-- GIVEN INFORMATION follows --

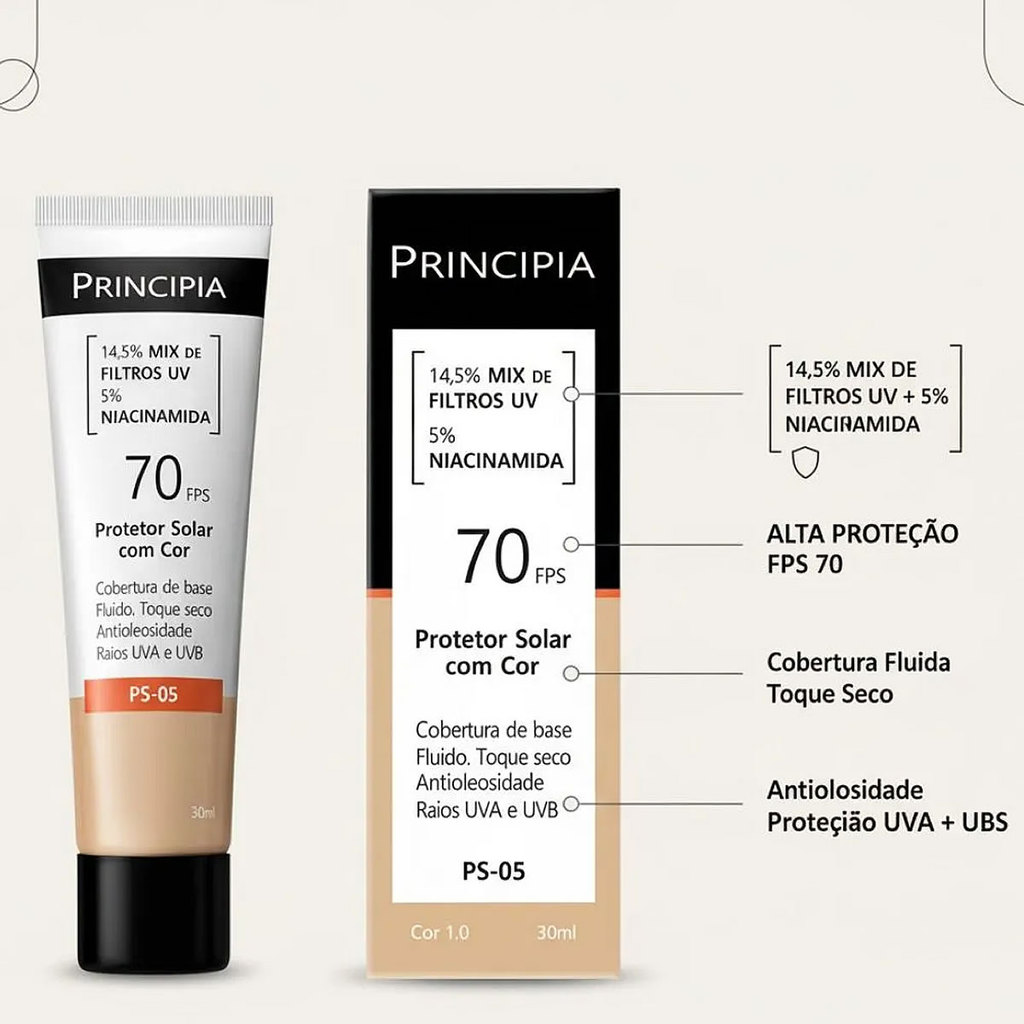 Principia Protetor Solar com Cor PS-05 (Cor 1.0): Proteção FPS 70 e Tratamento de Skincare em um Só Produto Alcance a máxima proteção solar com o Protetor Solar com Cor PS-05 da Principia na Cor 1.0, ideal para tons de pele mais claros. Este produto é a fusão perfeita entre alta proteção FPS 70 e uma maquiagem leve de cobertura. Fórmula Potente e Avançada: Alta Proteção Solar (FPS 70): Defende a pele de forma superior contra os raios UVA e UVB, prevenindo o fotoenvelhecimento e o surgimento de hiperpigmentação. 14,5% de Mix de Filtros UV: Uma concentração robusta de filtros solares para garantir segurança e estabilidade. 5% de Niacinamida: Um ativo multifuncional que proporciona benefícios de skincare, como controle da oleosidade, redução da aparência de poros e fortalecimento da barreira cutânea. Cobertura e Acabamento: Cobertura de Base Fluida: Uniformiza o tom da pele, cobrindo pequenas imperfeições com um acabamento leve e natural. Toque Seco e Antioleosidade: Sua formulação é especialmente indicada para peles mistas e oleosas, controlando o brilho excessivo ao longo do dia, sem deixar a pele pegajosa. Use o Principia PS-05 todos os dias para proteger, tratar e uniformizar sua pele de maneira prática e eficaz. Disponível no formato de 30ml.
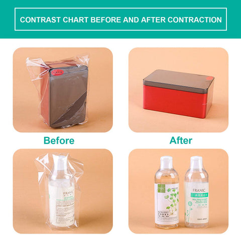 【Хорошее качество 】прозрачные термоусадочные пакеты изготовлены из ПВХ, кристально чистого, безопасного, нетоксичного, безвкусного, экологически чистого и здорового, эффект сжатия легко достигается. Двухслойная толщина и не рвется, высокое качество для высокой производительности.
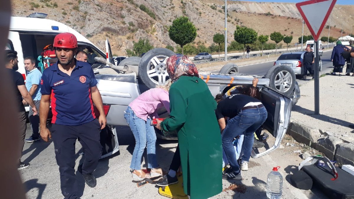 Çarpmanın etkisiyle ters dönen otomobilde bulunan aynı aileden 3'ü çocuk 5 kişi yaralandı. Çevrede bulunan vatandaşların durumu 112 Acil Çağrı Merkezine bildirmesi üzerine kaza yerine çok sayıda sağlık, polis ve itfaiye ekibi sevk edildi.
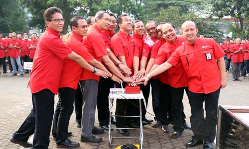 Awaluddin memimpin apel siaga didamping Direktur Jaringan Telkom Abdus Somad Arief, EVP Telkom Regional II Prasabri Pesti, dan EGM Telkom DBS Yusron Hariyadi.
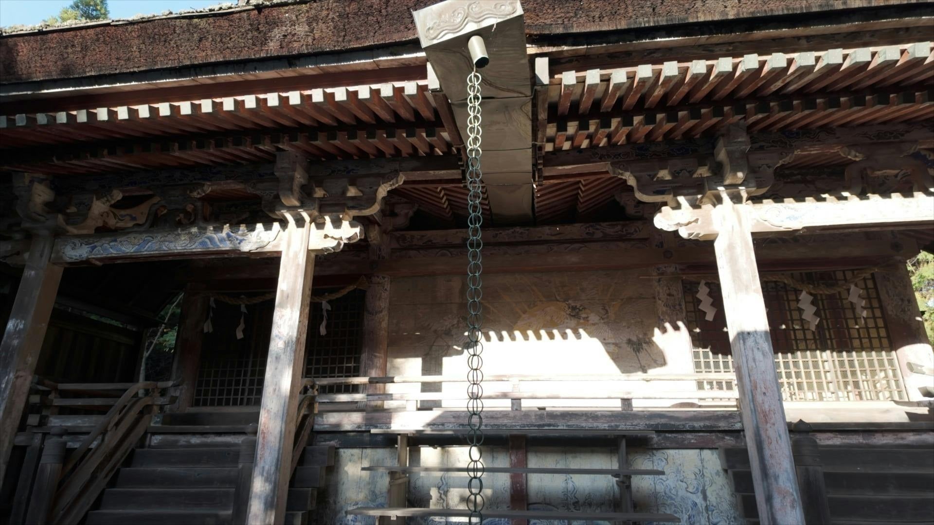 また、 本殿2棟をつなぐ障壁の正面には、伝説と相まった歴史ある日食を表す絵が描かれているのですが、その絵もだんだんと薄くなり、何が描かれているのかもわかりづらくなっています。

-- GIVEN INFORMATION concluded --

▶ _TASK TO COMPLETE_: All of the records must come back exactly as they stand, minus every picture.

▶ _RESPONSE TO THE EXERCISE_:
 Principia Protetor Solar com Cor PS-05 (Cor 1.0): Proteção FPS 70 e Tratamento de Skincare em um Só Produto Alcance a máxima proteção solar com o Protetor Solar com Cor PS-05 da Principia na Cor 1.0, ideal para tons de pele mais claros. Este produto é a fusão perfeita entre alta proteção FPS 70 e uma maquiagem leve de cobertura. Fórmula Potente e Avançada: Alta Proteção Solar (FPS 70): Defende a pele de forma superior contra os raios UVA e UVB, prevenindo o fotoenvelhecimento e o surgimento de hiperpigmentação. 14,5% de Mix de Filtros UV: Uma concentração robusta de filtros solares para garantir segurança e estabilidade. 5% de Niacinamida: Um ativo multifuncional que proporciona benefícios de skincare, como controle da oleosidade, redução da aparência de poros e fortalecimento da barreira cutânea. Cobertura e Acabamento: Cobertura de Base Fluida: Uniformiza o tom da pele, cobrindo pequenas imperfeições com um acabamento leve e natural. Toque Seco e Antioleosidade: Sua formulação é especialmente indicada para peles mistas e oleosas, controlando o brilho excessivo ao longo do dia, sem deixar a pele pegajosa. Use o Principia PS-05 todos os dias para proteger, tratar e uniformizar sua pele de maneira prática e eficaz. Disponível no formato de 30ml.
 【Хорошее качество 】прозрачные термоусадочные пакеты изготовлены из ПВХ, кристально чистого, безопасного, нетоксичного, безвкусного, экологически чистого и здорового, эффект сжатия легко достигается. Двухслойная толщина и не рвется, высокое качество для высокой производительности.
 Çarpmanın etkisiyle ters dönen otomobilde bulunan aynı aileden 3'ü çocuk 5 kişi yaralandı. Çevrede bulunan vatandaşların durumu 112 Acil Çağrı Merkezine bildirmesi üzerine kaza yerine çok sayıda sağlık, polis ve itfaiye ekibi sevk edildi.
 Awaluddin memimpin apel siaga didamping Direktur Jaringan Telkom Abdus Somad Arief, EVP Telkom Regional II Prasabri Pesti, dan EGM Telkom DBS Yusron Hariyadi.
 また、 本殿2棟をつなぐ障壁の正面には、伝説と相まった歴史ある日食を表す絵が描かれているのですが、その絵もだんだんと薄くなり、何が描かれているのかもわかりづらくなっています。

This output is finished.